Simple Example WF that shows a bunch of things

I put together an example watch faces that demonstrates a whole bunch of things, all in one place.

Here's how it looks in the sim for the Venu3

Starting at the top, the date is shown using drawRadialText() if scaleable fonts are available on the watch.  If not. it uses a standard font with drawText()

The next line is the result of a simple background service.  It just returns a string with the time the background ran

Then the time.  On devices with onPartialUpdate() (MIP devices) seconds update all the time.  On AMOLED devices, when in low power mode, the time moves around to prevent burnin.  On a real device, the screen blanks on AMOLED screens if AOD is off

The Heartrate is displayed in one of two ways.  On devices with complications, it subscribes to COMPLICATION_TYPE_HEART_RATE, and if the device also has touch, pressing on it opens the heart rate glance. On devices that don't have complications, it gets the HR from Activity.Info

The last line changes based on if the device is in wheelchair mode (Venu3 and Vivoactive5 right now). "P:" indicates wheelchair mode and shows pushes. otherwise "S:" for steps.

It has app-settings for a few colors, and on-device settings for a leading 0 for hours.

Here's a zip of the project:

ComplexWF.zip

Top Replies

  • Monkey.jungle turns type checking off, so not a problem. 

    Well it would, if that line wasn't commented out.

    Of course, even the monkey c extension gives you a warning that turning off…

All Replies

  • You need to update it to the new(er) set-ups.  For example...

    function getInitialView() as [Views] or [Views, InputDelegates] {
    function getSettingsView() {
         var setView=new ComplexWFSettingsMenu();
         return [setView,new ComplexWFSettingsMenuDelegate(setView)];
     
  • An example of the disagvantages of attaching a zip file instead of posting to git...

  • Monkey.jungle turns type checking off, so not a problem.  It would be the same with git

  • Monkey.jungle turns type checking off, so not a problem. 

    Well it would, if that line wasn't commented out.

    Of course, even the monkey c extension gives you a warning that turning off type checking will disable several useful language features :/. (I mean useful to others, I know you don't need those features.)

    It would be the same with git

    I'll take "missing the point" for $200, Alex. I think flocsy's point is that others could collaborate with you and fix type checking errors, for example, if you were using github, not that github would magically change the way your code builds. Or that you yourself could easily update your project (with a nice history of changes), without having to reattach the zip file manually.

    For all those decades when you presumably worked in teams at companies, did you just zip up changes to your source code and email them to your colleagues? Oh, let me guess, everyone just edited the same source code project on a shared network drive with no version control, just regular backups. I bet there were cases where one dev accidentally clobbered someone else's changes because everyone worked on the same files.

    Nobody can or should force you to use github, but at the same time, you are not going to convince anyone that there's no benefit to using github at all. (Github has 100 million developers, and the CIQ forum has less than 10 regular posters.) And in the case that you don't want to share stuff publicly (and you don't trust github with your private code), git is still very useful. I host a private git server for my personal projects.

  • Do whatever you want.  Same for me.  I don't use git for any of my code.

  • @FlyFrosty Thank you so much.  Working now.

    Can you please tell me why the function definition for getInitialView defines its return types but getSettingsView does not?

    (I am new to Monkey C)

  • Can you please tell me why the function definition for getInitialView defines its return types but getSettingsView does not?

    Technically, neither function needs to be explicitly typed as each one overrides a function with the same name in the base class (AppBase), so the compiler already knows the type (it's the same as the overridden function's type).
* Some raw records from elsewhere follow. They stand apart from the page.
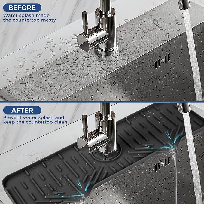 - đȘă5° UPGRADE VERSIONă Silicone sink faucet mat with upgraded 5° slope design and upgraded 0.79" (2 cm) thickness, the kitchen faucet splash guard allows captured water to flow into the sink faster, resulting in faster drying of the kitchen sink. This means never gets soggy, or not having any water spots by the sink faucet. You don't need to worry about the water staying on the sink & bathroom counter. Upgrading your kitchen sink & bathroom countertop in an effort-saving way!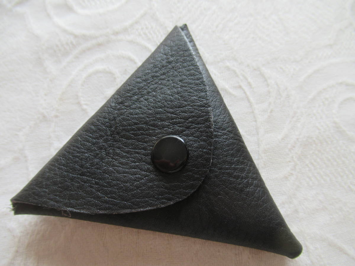 - 手作り 本革製三角財布 コインケース 小銭入れ 黒
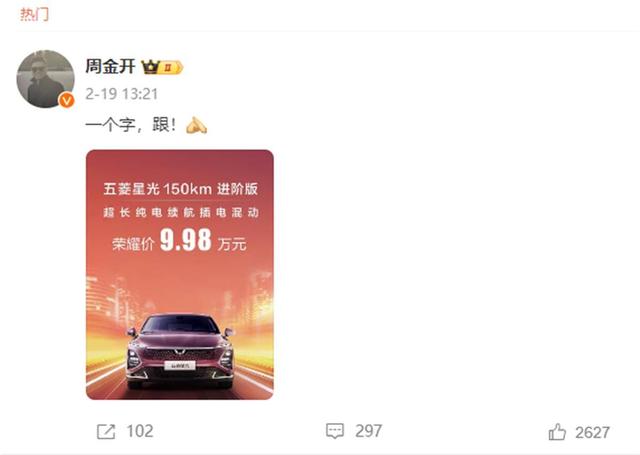 上汽通用五菱品牌事業(yè)部副總經(jīng)理周钘在微博表示跟進(jìn)降價(jià)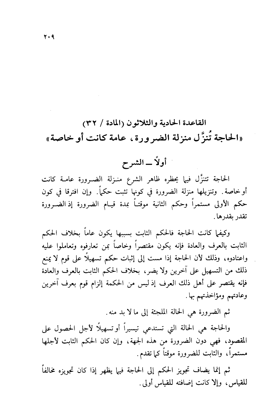 الْحَاجة تتنزل فِيمَا يحظره ظَاهر الشَّرْع منزلَة الضَّرُورَة عَامَّة كَانَت أَو خَاصَّة. وتنزيلها منزلَة الضَّرُورَة فِي كَونهَا تثبت حكما. وَإِن افْتَرقَا فِي كَون حكم الأولى مستمراً وَحكم الثَّانِيَة موقتاً بِمدَّة قيام الضَّرُورَة إِذْ الضَّرُورَة تقدر بِقَدرِهَا.
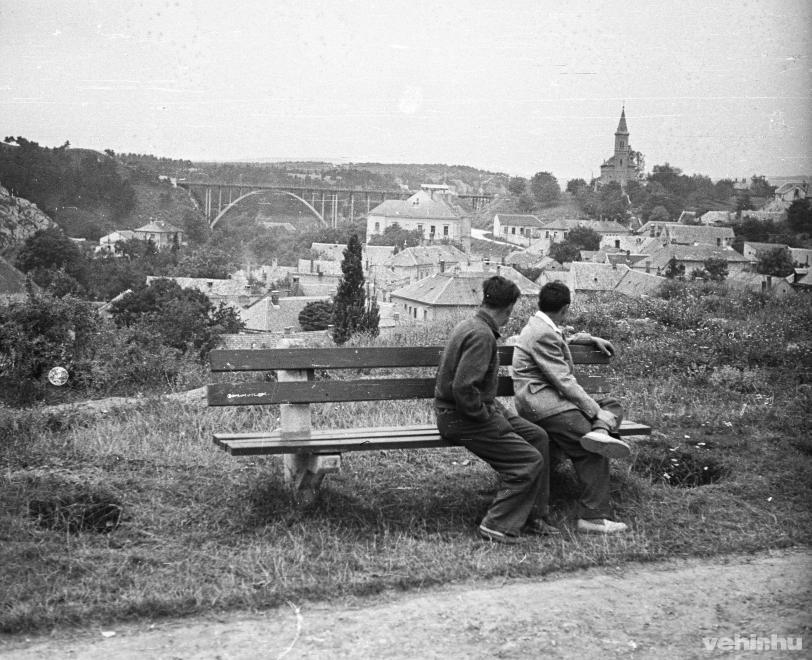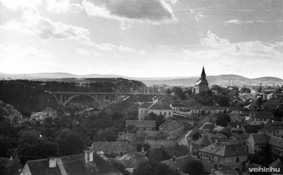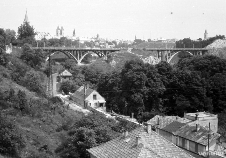 1958. Magyarország,Veszprém Szent István völgyhíd (Viadukt) és a Temetőhegy.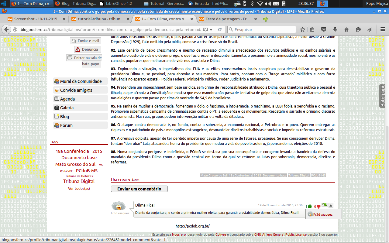 Os comentários podem receber votos POSITIVO (verde) ou NEGATIVO (vermelho) para validar ou não as propostas do debate. Além de poderem ser comentadas.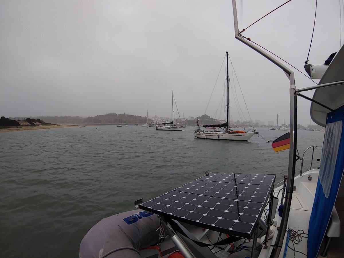 Da gestern wie vorhergesagt ein Regentag war, gänzlich ohne Sonne, war es nicht nur feucht, sondern auch kalt. Sehr ungemütlich. Ich bin den ganzen Tag nicht vor die Tür. Bei dem vielen Regen war es wichtig den Dichtstopfen am Dinghi herauszunehmen. Aus dem Wasserauslauf kann dann der Regen abfließen. Jeder der beiden Davids kann 100 kg Last aufnehmen. Das Schlauchboot und die Solarpaneelen dürften geschätzt etwa 70 kg wiegen, also etwa 35 kg an jedem David. Da der Außenborder 42 kg wiegt und praktisch nur vom Backbord-David getragen wird, ist dessen Last mit etwa 75 kg schon recht hoch. Viel Wasser darf da das Dinghi nicht aufnehmen.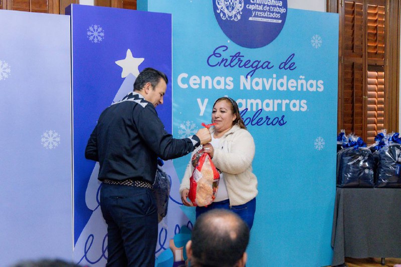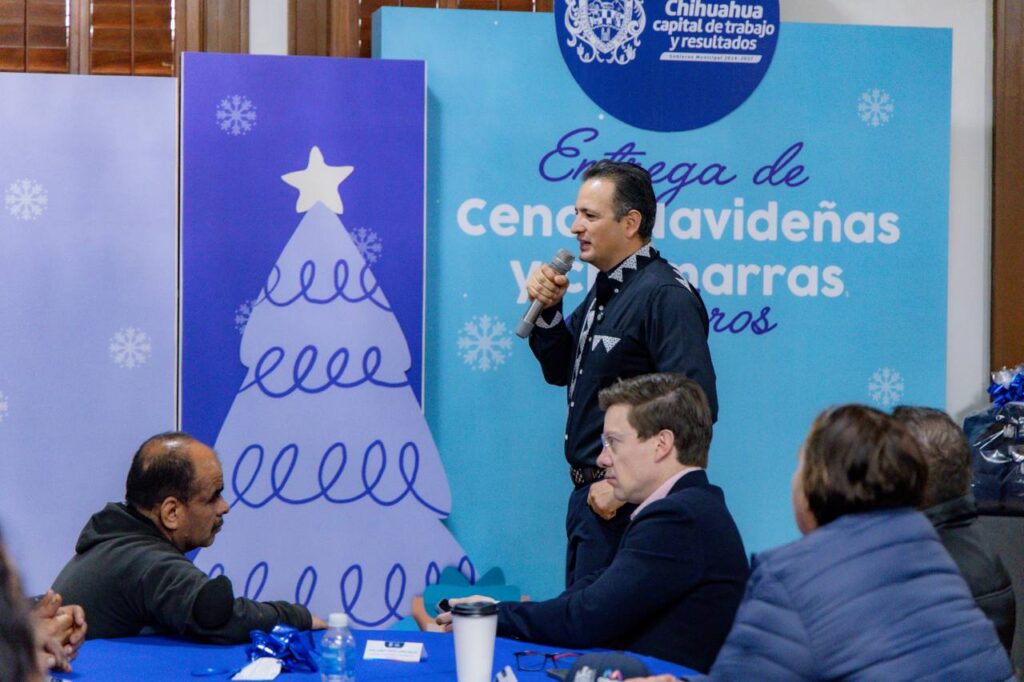 Chihuahua, Chih.- Con el fin de llevar la Navidad a los boleros del Centro Histórico, el alcalde Marco Bonilla realizó un convivio para entregarles apoyos.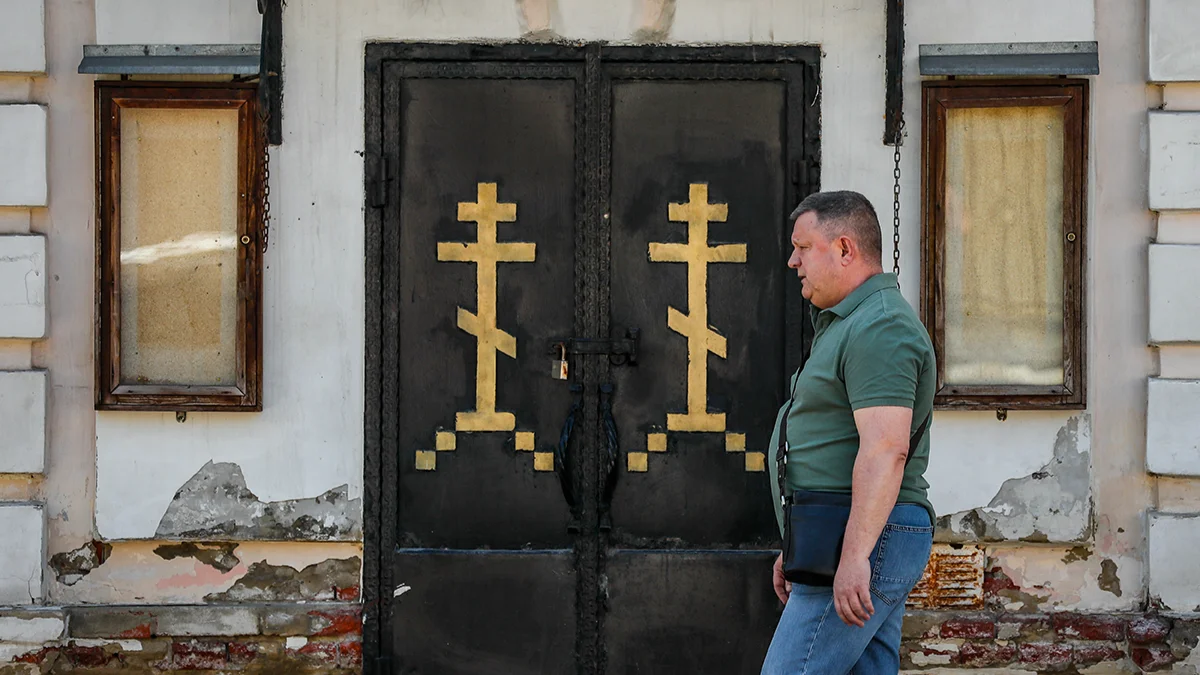 Мужчина проходит перед крестами на дверях православной церкви в Москве, Россия, 11 июля 2024 года. Фото: Юрий Кочетков / EPA-EFE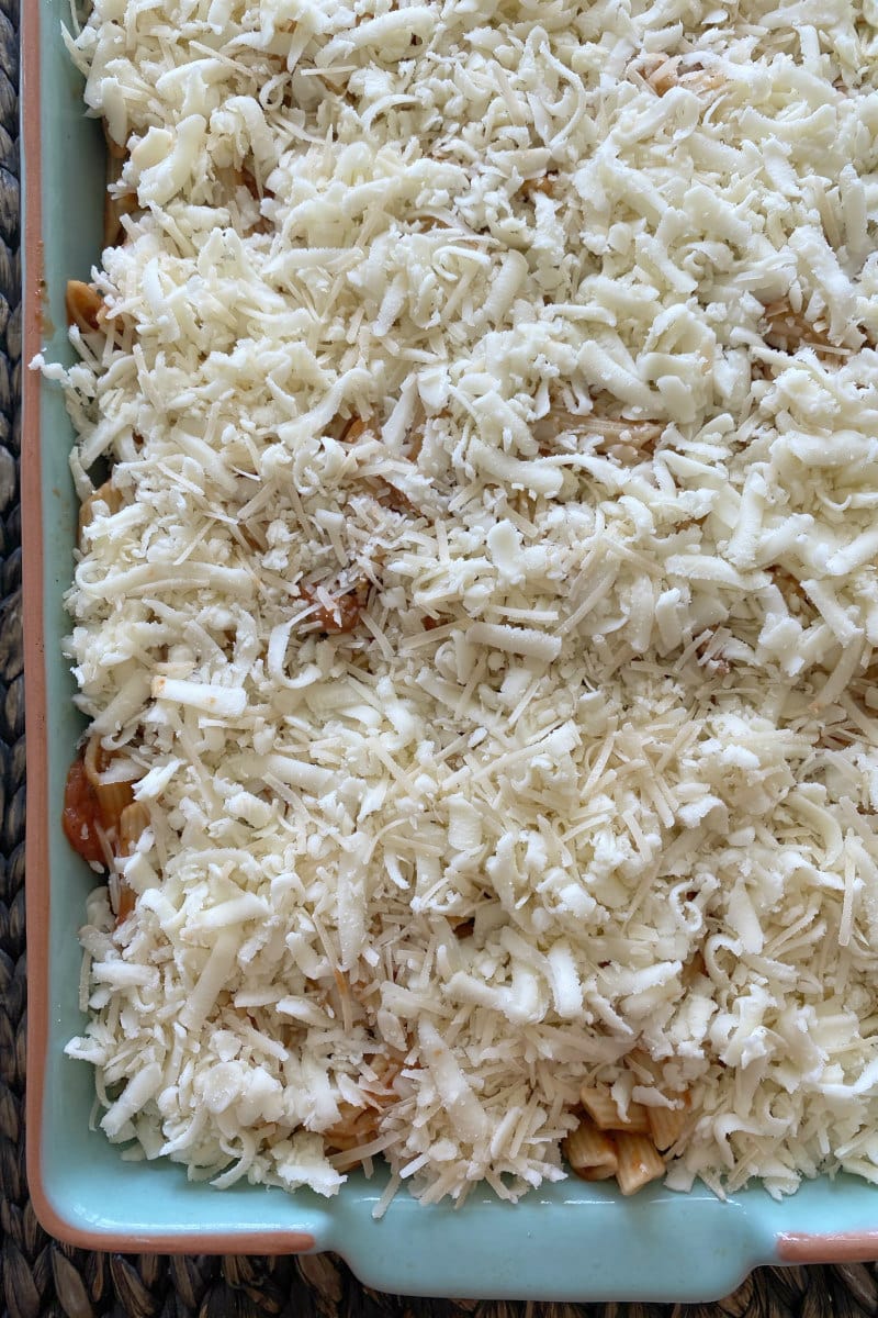 - Pour half of the sauced pasta into a deep 13x9-inch baking dish. Drop large spoonfuls of the ricotta mixture evenly over the pasta, then pour the remaining sauced pasta over the ricotta layer. Sprinkle the top of the penne evenly with the mozzarella mixture.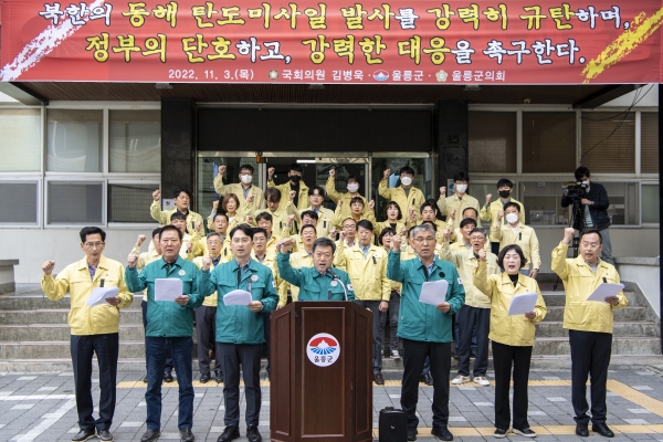 울릉군은 지난 3일 군청 광장에서 김병욱 국회의원(포항남·울릉), 공경식 울릉군의회 의장 및 군의원, 남진복 경북도의원, 군청 공무원 등이 참석한 가운데, 공동 명의로 성명서를 발표해 북한의 탄도미사일 발사를 규탄하고 1만여 울릉군민의 생명과 영토 안보를 지키는데 정부차원의 강력한 대응을 촉구했다.

As a matter of fact:

    - if you accidentally defined either function with incorrect arg/return types (which don't match the overridden function), then the compiler would raise an error

    - if you hover over getSettingsView() in VS Code, you can see actual args/return type for that function (which demonstrates that the compiler knows without the types being explicitly specified)

    Personally, in the interests of consistency and readability, I would probably explicitly type all such overrides, but there's nothing wrong with the current code.

    Additionally, for the default type check level, functions and variables are not required to be explicitly typed anyway, although lack of type information becomes a warning or error at higher levels. This doesn't apply to getSettingsView() though, since the compiler already know its type.

    (I will say that there would be one advantage to *not* explicitly typing getInitialView(): the current return type for this function uses syntax that doesn't work with older SDKs like 6.4.2, so if for some reason you need to build with both older SDKs and newer SDKs without modifying your code every time you switch, you would have to leave getInitialView's return type unspecified. In general we should all be building with the latest SDK tho.)